Tuesday, March 14, 2017

Gilmore Banks, Butler About To Break For "Greener" Pastures

When former Buffalo Bills' cornerback Stephon Gilmore signed a major free agent contract with the New England Patriots, the deal did more than just break the bank.

Precedence is one other thing that was broken, as the Patriots typically don't offer big money contracts to free agents on the open market - though when they do, it's usually for defensive backs.  Like back in 2014 when general manager and head ball coach Bill Belichick signed cornerback Darrelle Revis for an outragious sum - though it turns out that fellow corners Malcolm Butler and since-released Brandon Browner ultimately had a greater impact.
Heroics aside, Butler appears to be on his way out of New England

The declining Revis and his fat wallet were sent packing for New York after one season with a Super Bowl ring and the tarnished reputation as a hired gun, serving as a reminder that Belichick doesn't pay players for their past accomplishments - rather, he pays for players based on what he perceives their future production will be.

The Gilmore deal made the Pro Bowler the eighth-highest paid corner in the league at what is typically one of the most expensive positions in football, and the fourth-highest paid Patriots behind quarterback Tom Brady, left tackle Nate Solder and safety Devin McCourty, with both Brady and Solder the thirteenth-highest paid at their respective positions, and McCourty fifth.

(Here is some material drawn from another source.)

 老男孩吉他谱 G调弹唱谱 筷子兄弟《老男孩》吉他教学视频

So, Gilmore's numbers certainly aren't out of line, when speaking generally about the Patriots considering that they are paying exactly half of the players on their roster at least seven-digits, 17 of them on offense and 14 of them on defense - but the numbers are skewed towards the offense when considering highest paid at their positions, as right tackle Marcus Cannon (5th overall) and tight ends Rob Gronkowski (5th) and Dwayne Allen (10th) rank towards the top in the league at their positions...

...while beyond McCourty, only defensive tackle Alan Branch (17th) and defensive end Lawerence Guy (21st) rank in the upper-quarter of the league at their respective positions - so Gilmore's contract brings the disparity closer to center.

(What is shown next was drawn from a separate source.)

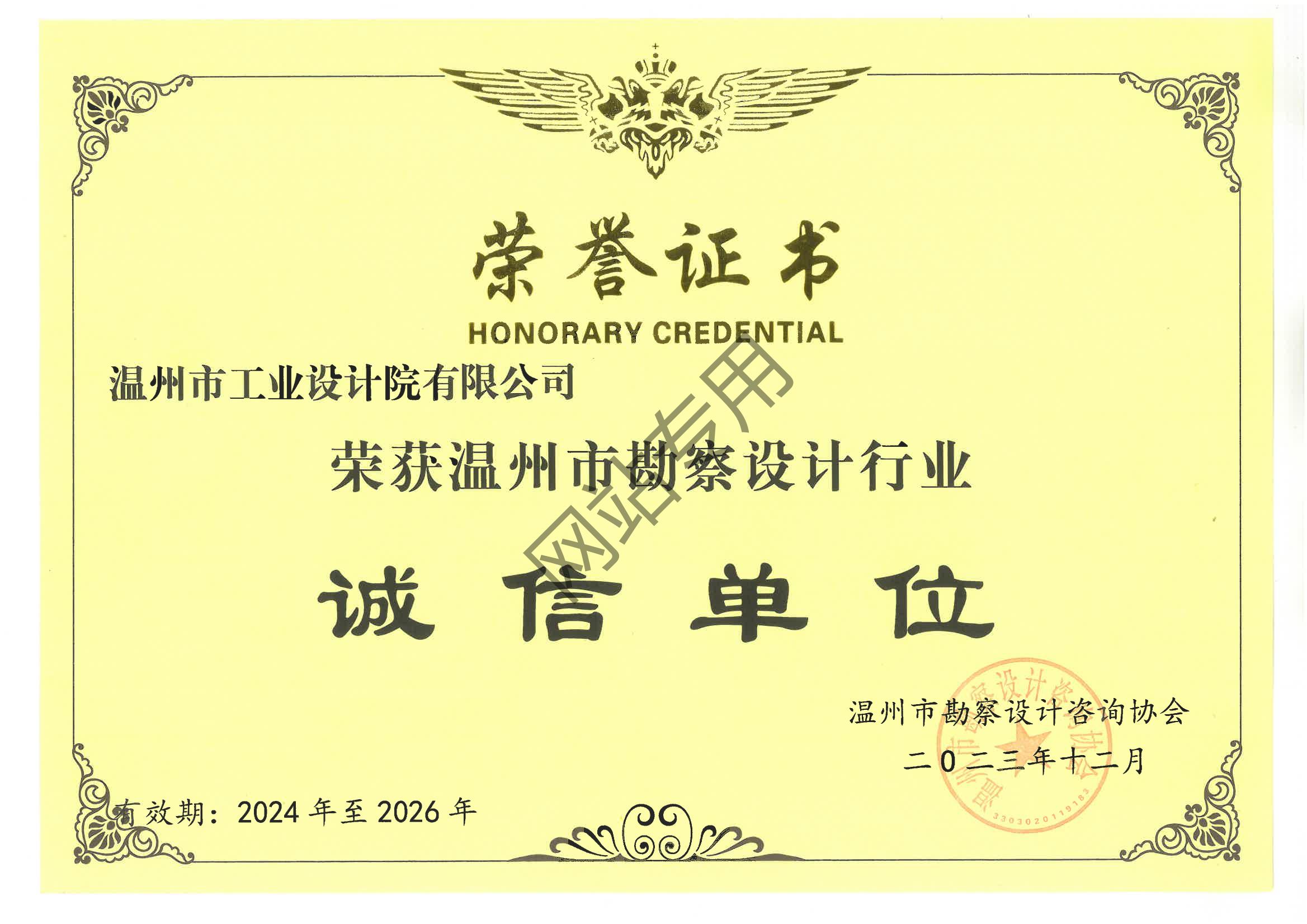 溫州市勘察設(shè)計(jì)行業(yè)誠(chéng)信單位證書2024-2026

Still, there are deserving players that are due for pay increases that may see the Gilmore deal as a sign of disrespect for their own efforts - which is exactly the sort of thing that New England's fiscal philosophy is intended to prevent, and one of them is apparently disgruntled restricted free agent Malcolm Butler, whose agent has opened negotiations with the New Orleans Saints.

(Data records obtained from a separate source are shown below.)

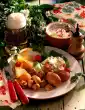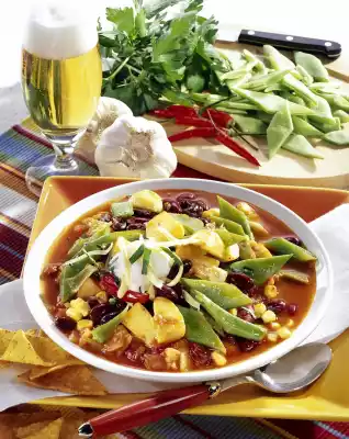 Heat oil in a pot, fry potatoes in it while turning. Add onion and garlic and fry lightly. Add the chilli. Dust with paprika and chilli powder. Deglaze with broth, bring to the boil, add beans and simmer covered for about 12 minutes at medium heat. Add tomatoes, bring to the boil, cover and simmer for another 10 minutes on medium heat. In the meantime, pour the corn into a sieve and drain. Pour kidney beans into a sieve, rinse with cold water and drain well. Add corn and kidney beans, bring to the boil, season well with salt, pepper, paprika, chilli powder, sugar and ketchup.
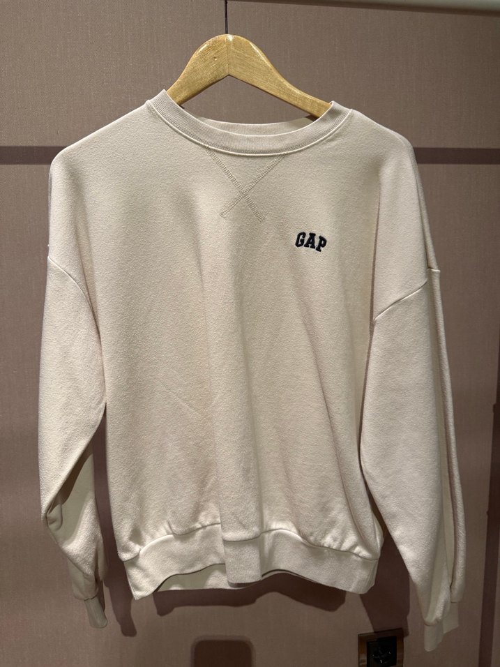 GAP markalı, gri renkte, yuvarlak yakalı ve uzun kollu bol kesim sweatshirt. Desensiz, rahat ve günlük kullanım için uygundur.
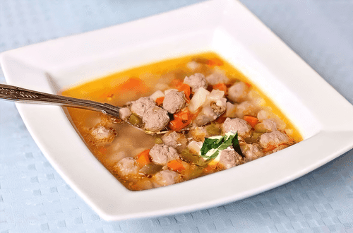 Meatball soup with sweet pepper is a cozy combination of aromatic broth, tender meatballs, and sweet notes of fresh pepper. Its roots trace back to European cuisine, where the tradition of cooking meatballs in soups originates from home recipes created for warmth and nourishment. The rich flavor is achieved by combining ground beef with onions, spices, and vegetables, while the addition of rice makes the soup particularly nutritious. Tender meatballs infused with the aromas of bay leaves, cumin, and fresh vegetables create a harmonious blend of textures and flavors. This dish is perfect for a family lunch or dinner, providing a sense of home warmth and care.

The Patriots had set a first-round tender on Butler before the start of the new league year, which meant that Butler was free to negotiate with any other team and collect offer sheets from them - the kicker being that if the Patriots declined to match the offer, the team that signed Butler to an offer sheet would have to relinquish their first-round draft pick to New England.

The tender also set Butler's 2017 salary to just shy of $4 million in guaranteed money if he remained with the Patriots - but Butler reportedly refused to sign the tender.

Butler has an argument.  His numbers are virtually the same as Gilmore's so far as passes defended, and earned Pro Football Focus's number two "shutdown" corner for the 2016 season, while Gilmore didn't crack the top 25 despite making the Pro Bowl.  Part of the reason for this was scheme, as Buffalo used plenty of zone coverages in their secondary with Gilmore (and Butler) much better at press man.

Originally linked to reports that he would be dealt along with a third-round draft pick to the Saints in the deal that brought Brandin Cooks to Foxborough, his refusal to sign the tender nixed him being included in the trade deal and the Patriots instead sent their first-round pick, 32nd overall, to the Saints.

Of course, the Patriots still own the rights to Butler, and if Butler's agent can work out an offer from New Orleans, two things could happen.  First, the Butler could sign his tender, accept the offer from New Orleans which the Patriots could then refuse and collect the Saints' original first found pick, which would be 11th overall...

...secondly, and more likely, the Patriots could rescind the tender and simply trade Butler to New Orleans, with the likely compensation being either shipping the #32 overall back to Foxborough, or a package deal which would include the Saints' second-rounder (42nd overall) and ship New England's original compensatory pick (109th overall) back to them.

Early on Tuesday, it has been reported that the Houston Texans are about to enter the fray for Butler, reportedly willing to offer up their second-round pick, which stands at #57 overall - but that seems low for what the Patriots could potentially get from the Saints.

Either way - and even though New England will have lost their top two cornerbacks from last season - the Patriots would be fine in the secondary as Gilmore would team with emerging third-year corner Eric Rowe to form a competitive and perhaps even better corps than they had in 2017 - with youngsters Justin Coleman, Cyrus Jones and Jonathan Jones in the mix for nickle back.

On the down side, the free agent cornerback market has been picked clean with only marginal talent still available - which means that the Patriots would likely be reduced to spending draft capital to bring in a rookie to compete for a nickle slot.

Of course, this is all just conjecture at this point, but it seems clear that Butler's days in New England are numbered - but his place in Patriots' lore will last forever.